What this task involves: All of the data that follows should be retyped exactly, please, except the pictures.
Material provided: Begin
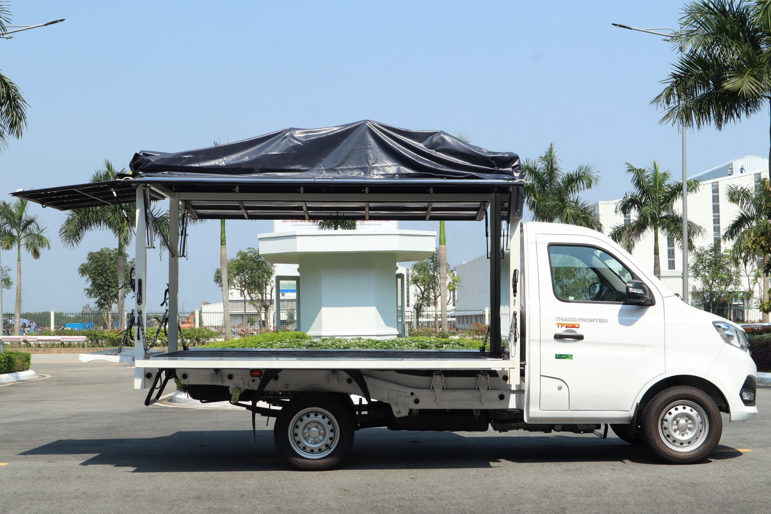 - Khung vỹ trên bửng mở lật lên 85 độ (có ty hơi trợ lực) để làm mái che, thuận tiện bán hàng.
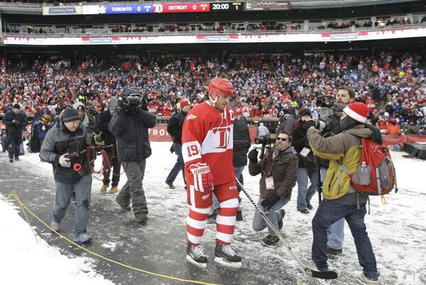 Detroit Red Wings forward Steve Yzerman walks to the ice before the first period of the Winter Classic Alumni outdoor NHL hockey game at Comerica Park in Detroit, Tuesday, Dec. 31, 2013.CARLOS OSORIO/The Associated Press
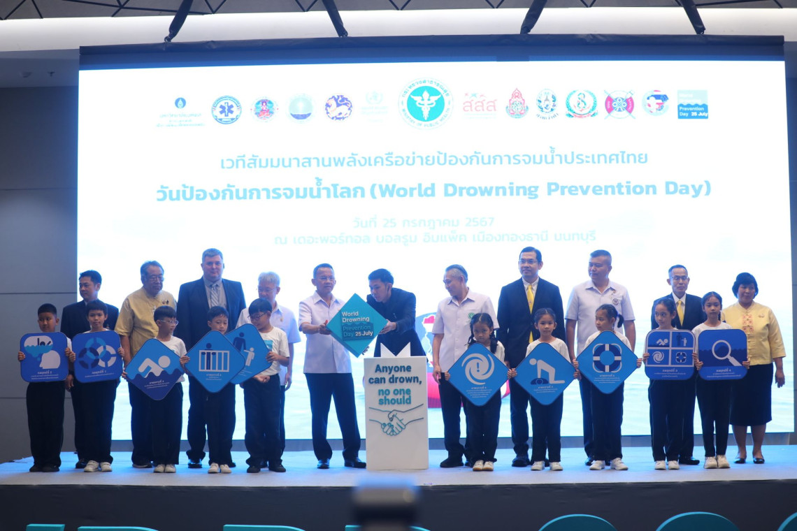 วันที่ 25 ก.ค.2567 นายสมศักดิ์ เทพสุทิน รมว.สาธารณสุข เป็นประธานพิธีเปิดเวทีสัมมนาสานพลังเครือข่ายป้องกันการจมน้ำประเทศไทย ในวันป้องกันการจมน้ำโลก (World Drowning Prevention Day: WDPD 2024) โดยมี นายแพทย์โอภาส การย์กวินพงศ์ ปลัดกระทรวงสาธารณสุข นายกิตติกร โล่ห์สุนทร เลขานุการรัฐมนตรีว่าการกระทรวงสาธารณสุข นายวิชัย ไชยมงคล ที่ปรึกษารัฐมนตรีว่าการกระทรวงสาธารณสุข นายกองตรี ธนกฤต จิตรอารีย์รัตน์ ผู้ช่วยรัฐมนตรีประจำกระทรวงสาธารณสุข นายแพทย์ธงชัย กีรติหัตถยากร อธิบดีกรมควบคุมโรค คุณมาร์ค แลนดรี ผู้แทนจากองค์การอนามัยโลกประจำประเทศไทย ดร.นพ.ไพโรจน์ เสาน่วม รองผู้จัดการสำนักงานกองทุนสนับสนุนการสร้างเสริมสุขภาพ และผู้บริหารทุกภาคส่วน เข้าร่วม ที่เดอะพอร์ทอล บอลรูม อิมแพ็ค เมืองทองธานี จังหวัดนนทบุรี
Material provided: End
Solution for this exercise:
 - Khung vỹ trên bửng mở lật lên 85 độ (có ty hơi trợ lực) để làm mái che, thuận tiện bán hàng.
 Detroit Red Wings forward Steve Yzerman walks to the ice before the first period of the Winter Classic Alumni outdoor NHL hockey game at Comerica Park in Detroit, Tuesday, Dec. 31, 2013.CARLOS OSORIO/The Associated Press
 วันที่ 25 ก.ค.2567 นายสมศักดิ์ เทพสุทิน รมว.สาธารณสุข เป็นประธานพิธีเปิดเวทีสัมมนาสานพลังเครือข่ายป้องกันการจมน้ำประเทศไทย ในวันป้องกันการจมน้ำโลก (World Drowning Prevention Day: WDPD 2024) โดยมี นายแพทย์โอภาส การย์กวินพงศ์ ปลัดกระทรวงสาธารณสุข นายกิตติกร โล่ห์สุนทร เลขานุการรัฐมนตรีว่าการกระทรวงสาธารณสุข นายวิชัย ไชยมงคล ที่ปรึกษารัฐมนตรีว่าการกระทรวงสาธารณสุข นายกองตรี ธนกฤต จิตรอารีย์รัตน์ ผู้ช่วยรัฐมนตรีประจำกระทรวงสาธารณสุข นายแพทย์ธงชัย กีรติหัตถยากร อธิบดีกรมควบคุมโรค คุณมาร์ค แลนดรี ผู้แทนจากองค์การอนามัยโลกประจำประเทศไทย ดร.นพ.ไพโรจน์ เสาน่วม รองผู้จัดการสำนักงานกองทุนสนับสนุนการสร้างเสริมสุขภาพ และผู้บริหารทุกภาคส่วน เข้าร่วม ที่เดอะพอร์ทอล บอลรูม อิมแพ็ค เมืองทองธานี จังหวัดนนทบุรี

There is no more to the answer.